Newcomer families, school officials fear 'substantial regression' in language development
'The language is the first barrier they have to overcome in order to [succeed] in the other classes'
P.E.I.'s Department of Education says this year's pandemic school closure has sparked frustration for many newcomer families, and fears their children's English or French language development is suffering.
The department says it's heard concerns from many parents with children enrolled in English or French as an additional language (EAL/FAL) classes, like Tam Nguyen and Hiep Cao.
They moved to Charlottetown from Vietnam a year ago, along with their eight-year-old daughter Anh and 10-year-old son Minh.
Up until March, both kids got an hour of focused EAL training each week, and constant exposure to English in other classes at West Royalty Elementary.
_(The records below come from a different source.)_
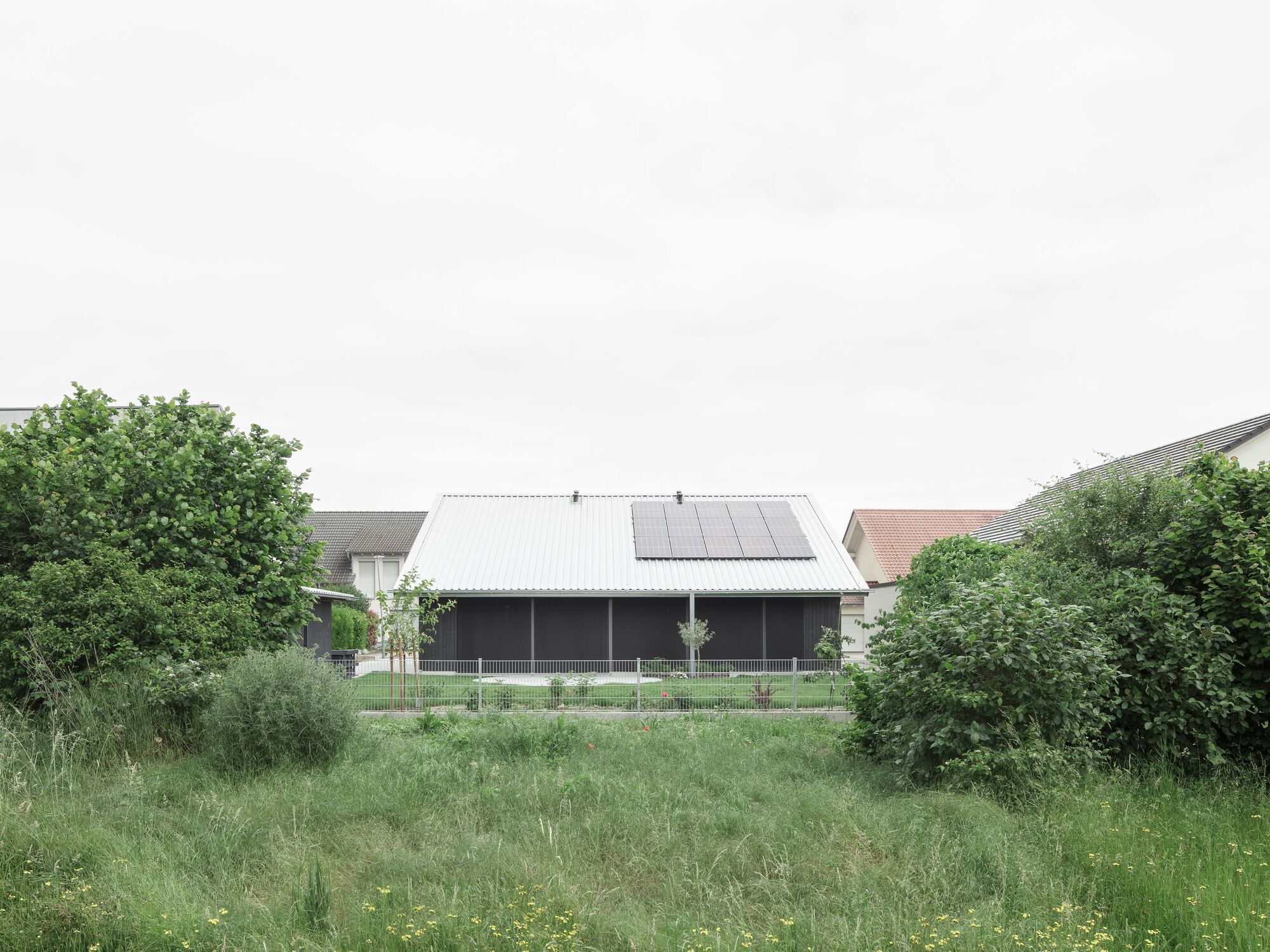 Descripción textual proporcionada por el arquitecto. El concepto arquitectónico «Cuadrado y círculo techado» es una casa de madera en el Palatinado Sur que se alza como un edificio independiente en un terreno al borde de un campo con una vista panorámica de Kalmit. El título lo puso el constructor de madera, que dijo: «Es sólo un cuadrado con techo», y al final así fue.
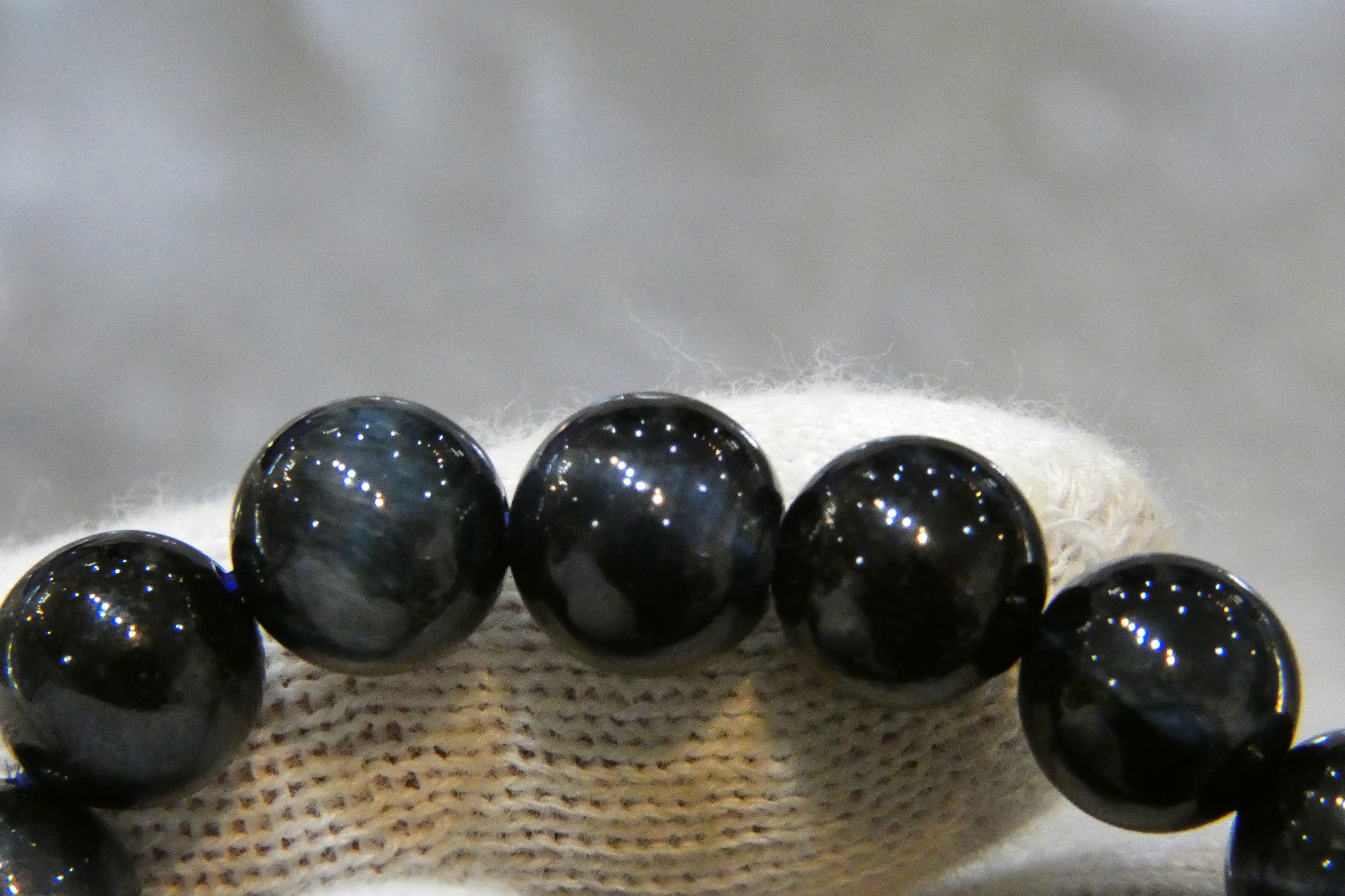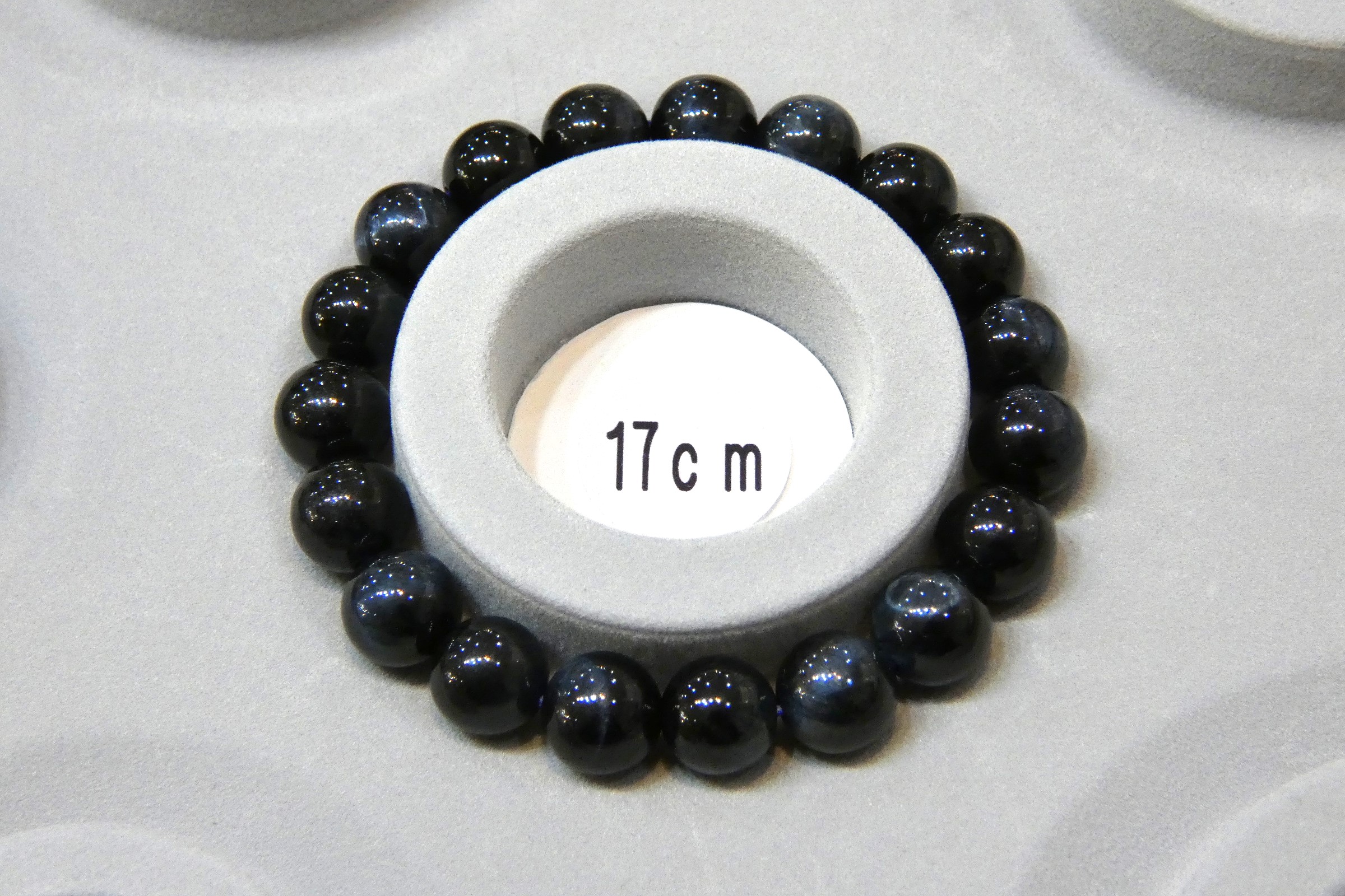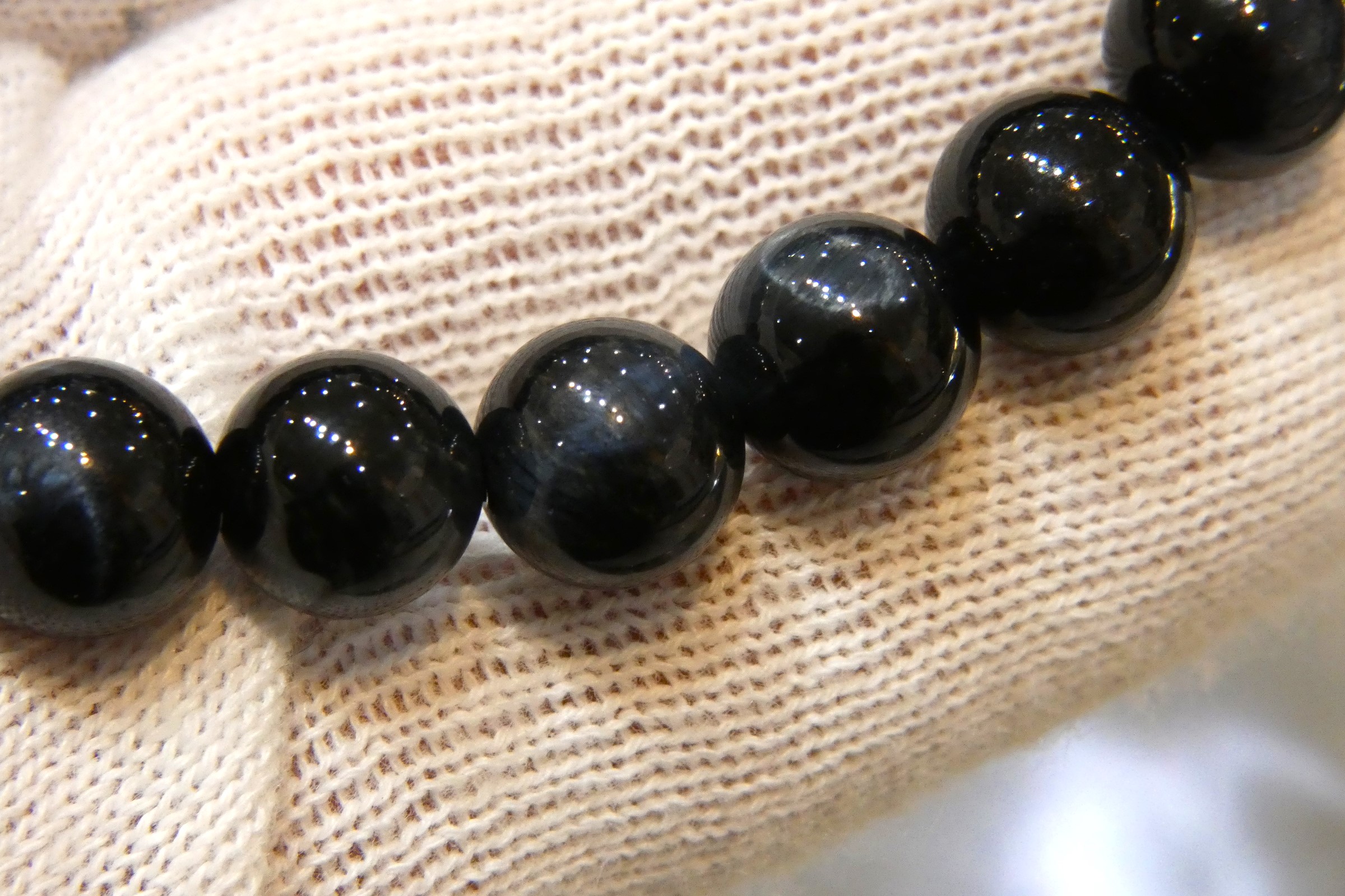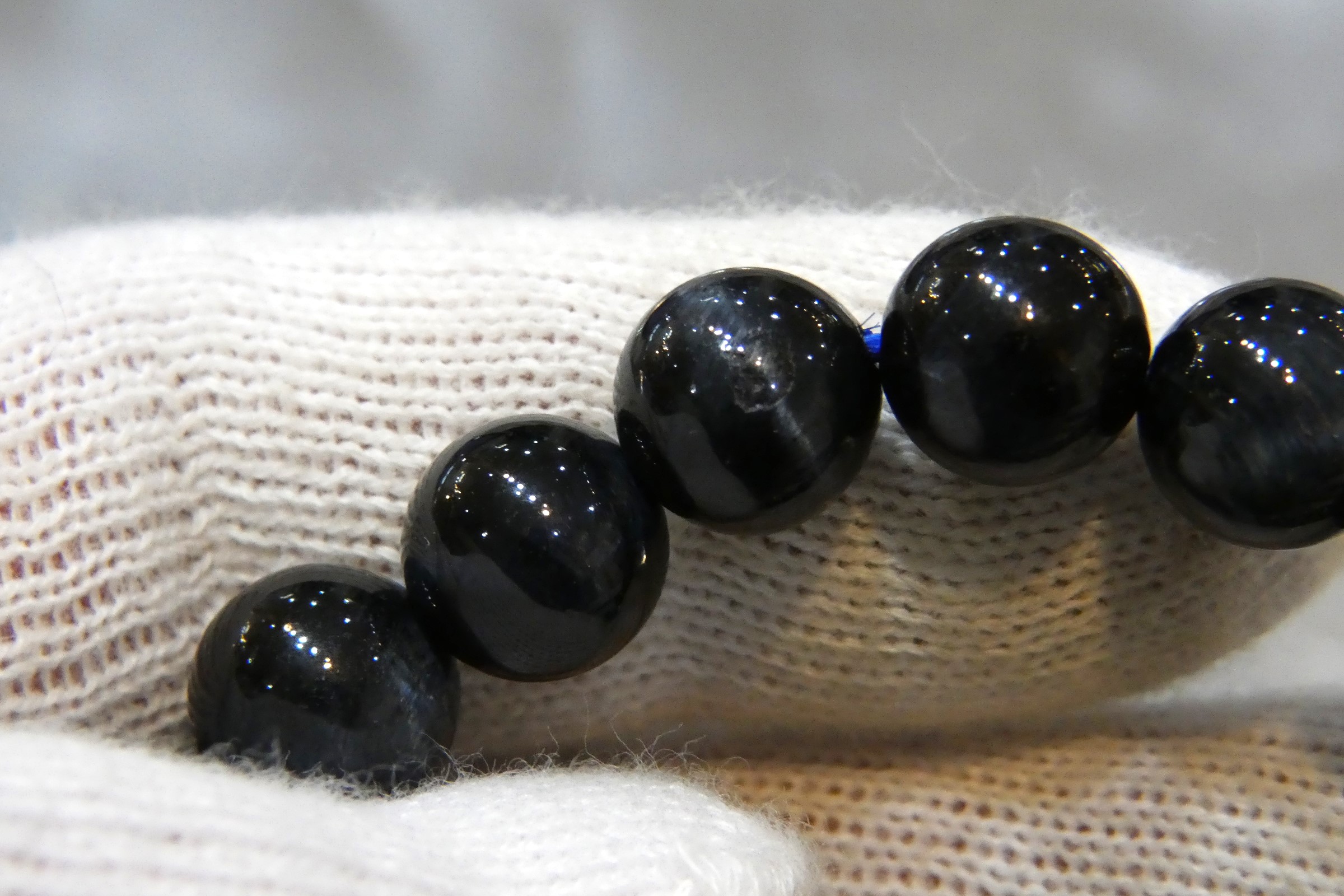 光に当てるとキャッツアイ効果によりブルー/ダークブルーの光の筋が見えます
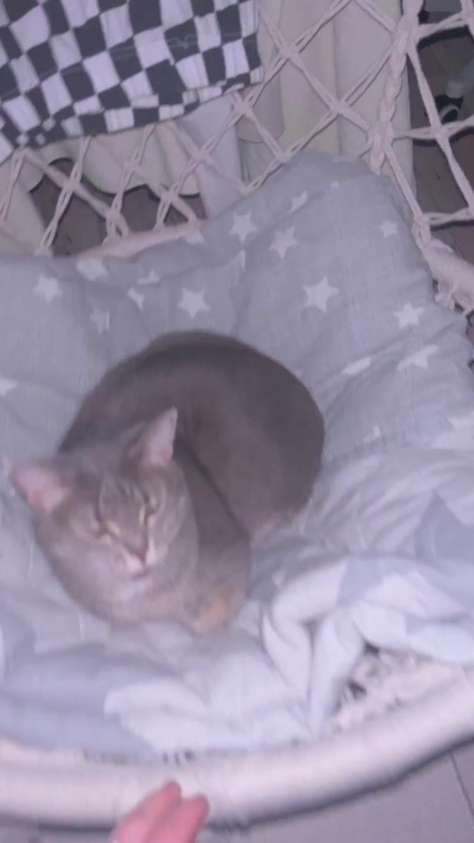 Topics: gray cat, hanging chair, star pattern, indoor pet, tabby cat, home furniture, domestic animal, interior, relaxation, daily life

It worries us very much.— Tam Nguyen
They say the pandemic took that away.
"At home, it's very hard," said Anh. "Because at school, we make eye contact with the others. And at school, there's Canadians, which maybe know more English than my parents."
"It worries us very much," added her father. "To learn the language, the interaction, it's very important.… And the language is the first barrier they have to overcome in order to [succeed] in the other classes, like math or social science."
Janet Perry-Payne, the province's EAL/FAL administrator, said teachers did their best to engage with students and parents throughout the pandemic, using a variety of online tools, recording videos, and even visiting some families' doorsteps.
But she acknowledges, it was no replacement for in-class learning.
"Many of our families became frustrated because they didn't have the language skills themselves," said Perry-Payne.
"So in some cases, when it was something that was being given by a classroom teacher, if they didn't understand it, they would go, 'OK, we can't do that.'"
'We're watching quite carefully'
Perry-Payne said because the province's 2,400 EAL/FAL students didn't do any formal testing while schools were closed, it's difficult to know how effective home learning was, or how it affected language development.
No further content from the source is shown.